Mammograms are the most recognized screening measure for detecting breast cancer. In the United States, mammograms have reduced the mortality rate of breast cancer by nearly 40% since 1990. And they are available at no cost.
But for some women, a mammogram alone isn’t enough. It can miss a cancer or find it too late.
These women need better scans, and fortunately we have them. Clinical trials have shown that MRIs are more than twice as accurate in detecting breast cancer as three-dimensional mammograms for high-risk women. It is very important that MRIs be available at no cost for those women.
And many — high risk patients specifically — also need genetic testing. Many people don’t realize this, but this testing is as important to men as for women — and it’s important not just for the people being tested, but for their children and grandchildren.
The most well-known genetic cancer testing is BRCA gene testing. BRCA1 and BRCA2 are tumor suppressor genes that are crucial to fighting cancer. Both men and women who inherit a BRCA gene mutation are much more likely to develop a hereditary cancer, such as breast or prostate cancer.
Discovering one has the BRCA gene is a life-saving development can lead to preventive treatments and to early cancer detection. Genetic testing also provides essential information to family members who may have a high likelihood of inheriting a mutation and developing cancer.

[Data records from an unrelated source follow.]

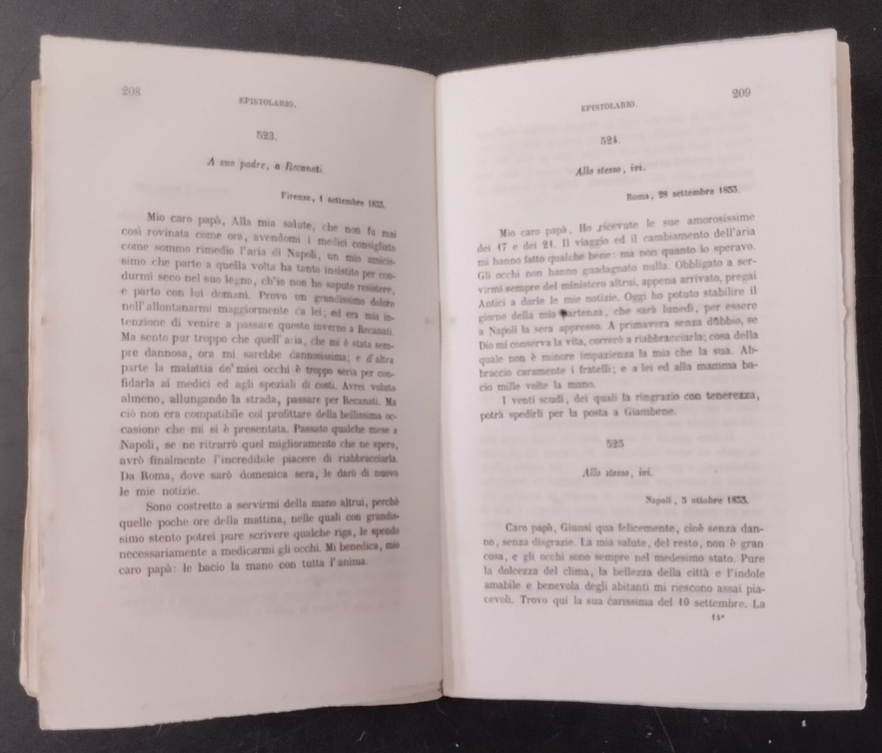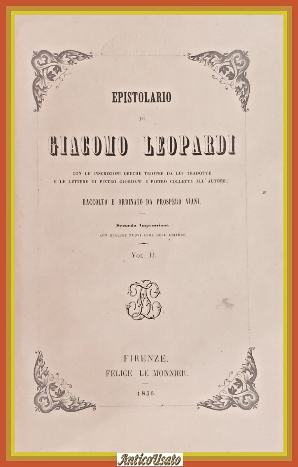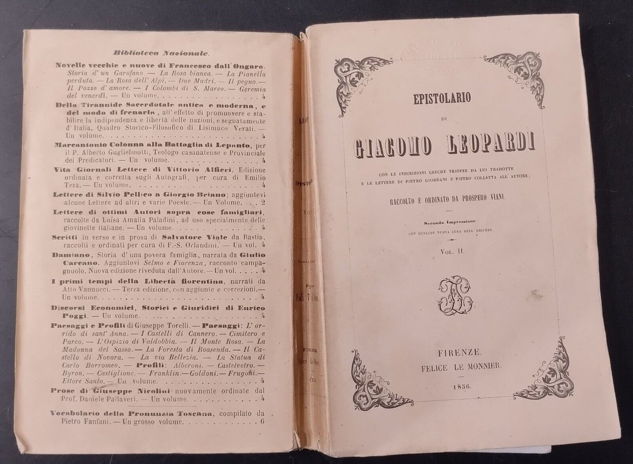 EPISTOLARIO DI GIACOMO LEOPARDI Volume 2 1856 Le Monnier Libro antico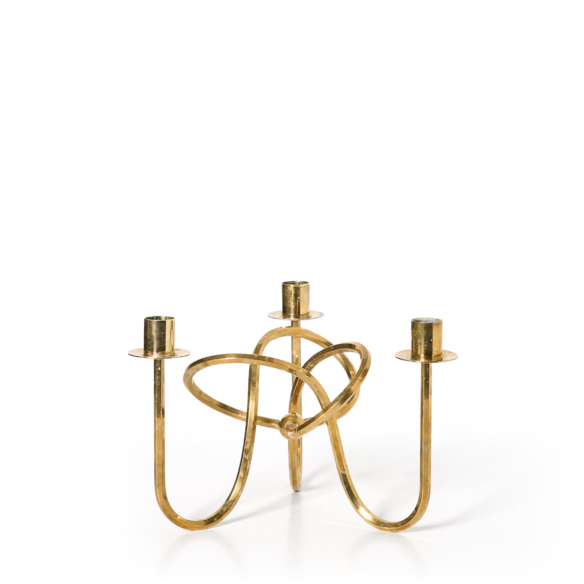 The friendship knot is a beautiful brass candle holder with amazing patina. Designed by Josef Frank in 1938 and made by Firma Svenskt Tenn, Stockholm, Sweden. Excellent condition.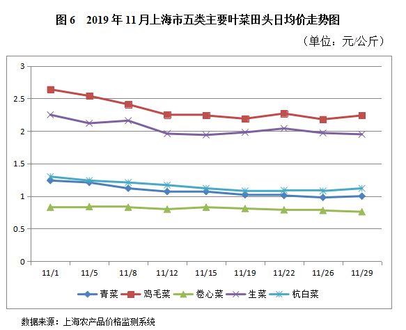 . 纵观五种主要叶菜11月份田头价格,其价格走势十分平稳,波动很小,整体为微降趋势。整个11月份,同一种品类的蔬菜其全月日均最高价与全月日均最低价格之间相差不到0.5元。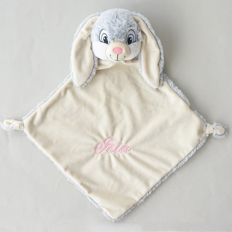 • Personalised Baby Comforter Grey Bunny embroidered with girls name Isla.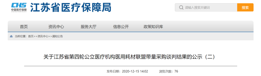 12月15日,江苏省医保局发布《关于江苏省第四轮公立医疗机构医用耗材联盟带量采购谈判结果的公示(二)》。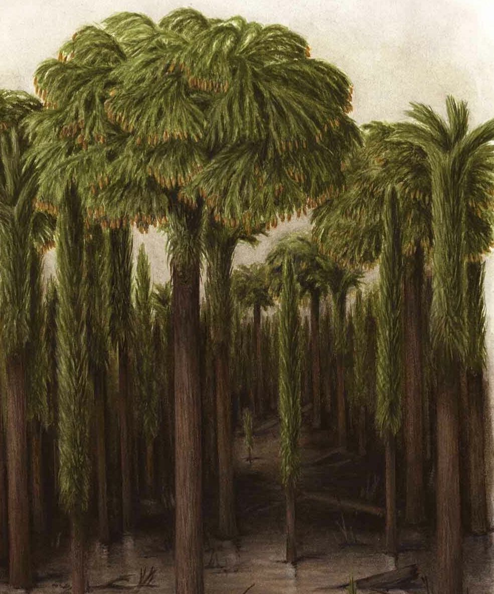 Rekonstruktion von arboreszenten Lycophyten aus den paläotropischen Kohlesümpfen Euramerikas im Pennsylvanium (©Annette Townsend).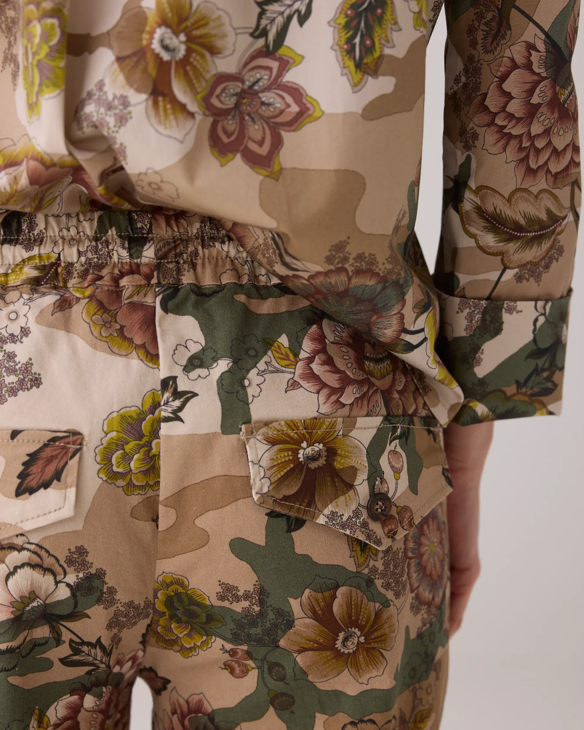 These trousers in sturdy stretch cotton have an all-over camouflage print with flowers. The trousers have an elasticated waistband with a lacing cord.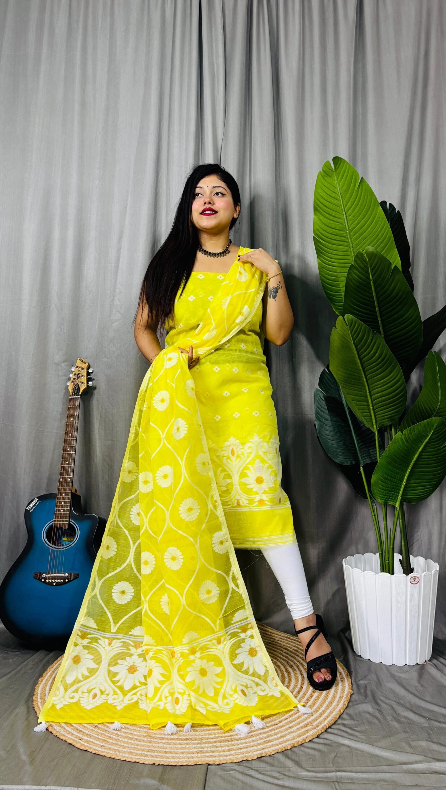 Sunflower Yellow Unstitched 2 Piece Jamdani Suit Set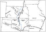 13--Pre-Woodford subcrop with inferred paleodrainage pattern and major faults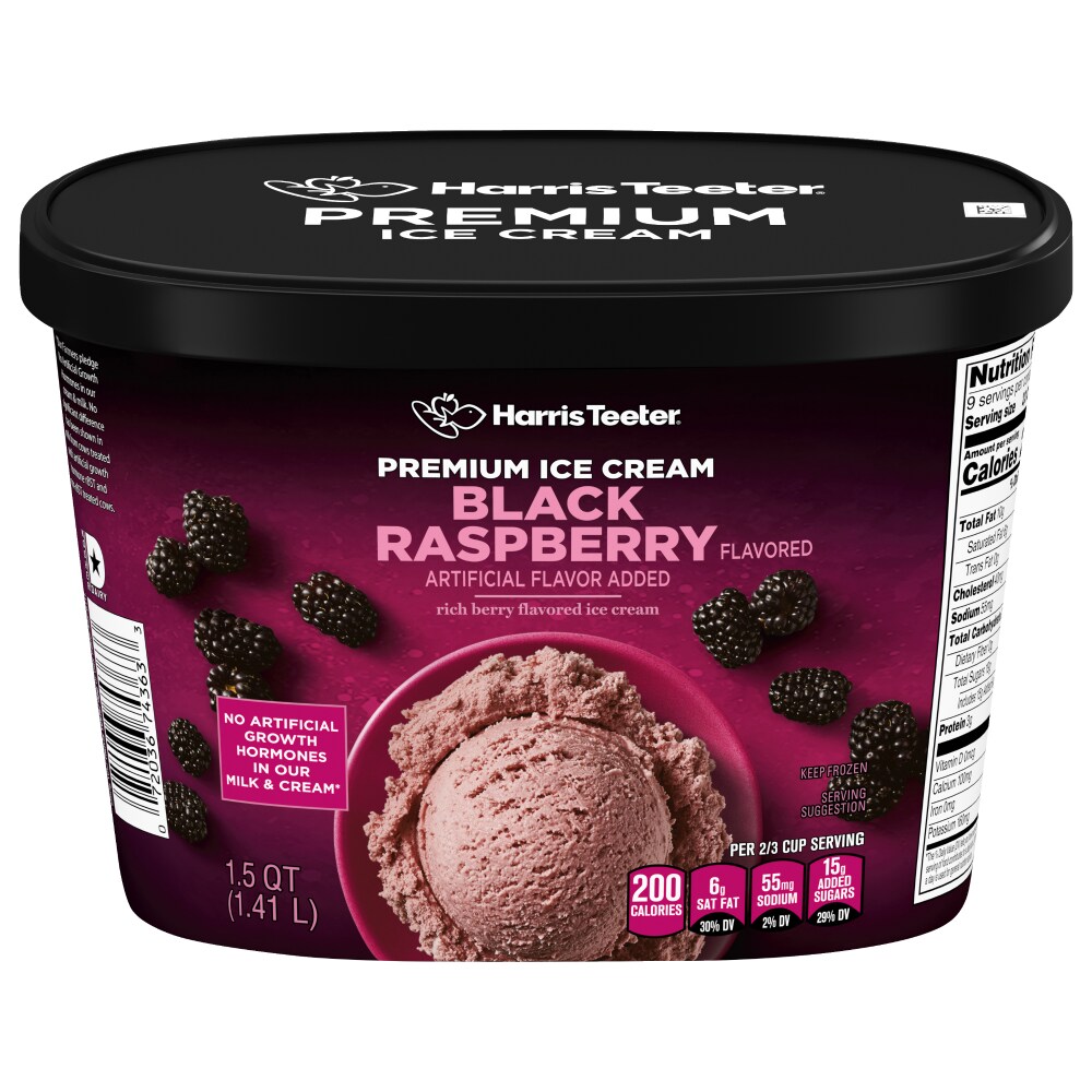 Ingredients: Milkfat and nonfat milk, sugar, corn syrup, high fructose corn syrup, black raspberry puree, sweetcream buttermilk, whey, contains less than 2% of beet juice (color), modified corn starch, natural flavor, citric acid, guar gum, mono and diglycerides, xanthan gum, Blue 1, carrageenan.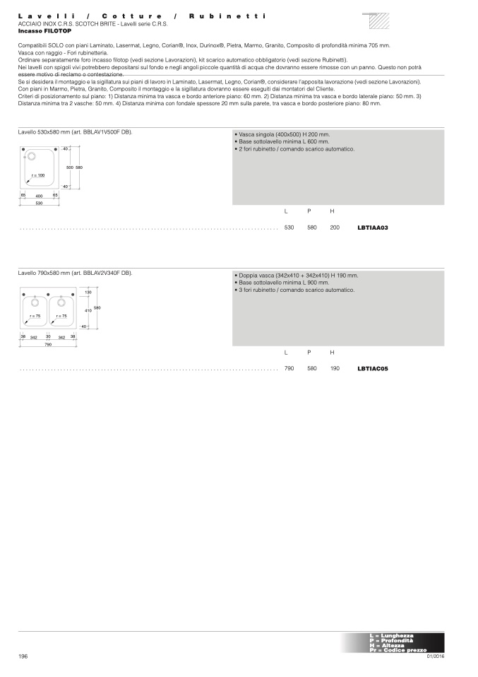 Se si desidera il montaggio e la sigillatura sui piani di lavoro in Laminato, Lasermat, Legno, Corian®, considerare l’apposita lavorazione (vedi sezione Lavorazioni).

MRIs and genetic testing can save lives. However, both come with hefty price tags and insurance hurdles.
I have met many cancer survivors and passionate advocates within my senatorial district and throughout Pennsylvania — women like the southwest vice president of the PA Breast Cancer Coalition Mary Ann Cupples-Wisnowski. Mary Ann is a 24-year breast cancer survivor with multiple high-risk factors, including a family history, personal history and dense breast tissue. Her story truly has inspired me.
Having a family discussion about cancer after a relative is diagnosed is inevitable.
For me, the conversation came when my father — diagnosed with prostate cancer at a relatively young age – had already been fighting for years. He had a radical prostatectomy, multiple rounds of radiation, hormone therapy and a host of other drugs to try to stop the spread. Every treatment seemed to buy us some time. But just when we thought it was eradicated, the prostate-specific antigen, or PSA, would reappear, indicating the cancer had metastasized in his body.
We couldn’t understand why the cancer was winning.
We began tracing our family’s medical history. Two of my father’s uncles discovered prostate cancer in their eighties, which is after the age PSA testing is recommended. Sadly, both succumbed to the disease. My father’s grandmother, Mary, had breast cancer in her early thirties and ovarian cancer in her sixties.
There had always been talk of a genetic component to our family’s battle with cancer, but we never had a clear answer. Finally, with modern science, physicians have discovered that the BRCA gene mutation is the culprit to our family’s history.
I have the BRCA gene.
Having the gene does not necessarily mean I will get cancer, but it does make me more conscious of my health care. Checking my PSAs to establish a baseline will give me a fighting chance in the event I receive the dreadful news of having cancer.
My cousin received a dual cancer diagnosis of breast and melanoma at the age of 41. Armed with the knowledge that she was BRCA positive, she took aggressive surgical treatments to be the first in our family to beat the haunting disease.
Senate Bill 8 is a comprehensive breast cancer screening and testing bill that will eliminate all costs associated with breast MRI, ultrasound and genetic testing and counseling for Pennsylvanians at high-risk for hereditary cancers. The bill is widely supported, having gained bipartisan support and praise. It is a significant step in cancer prevention in Pennsylvania.
For me, it’s personal — just as it is for many of you.
The earlier we can detect cancer, the earlier we can save lives.
First published in the Pittsburgh Post-Gazette.
Devlin Robinson represents Pennsylvania’s 37th Senatorial District, which includes parts of Allegheny County. He is a co-sponsor of Senate Bill 8, with Sen. Kim Ward, the first female president pro tempore and BRCA-positive breast cancer survivor, and Sen. Tracy Pennycuick.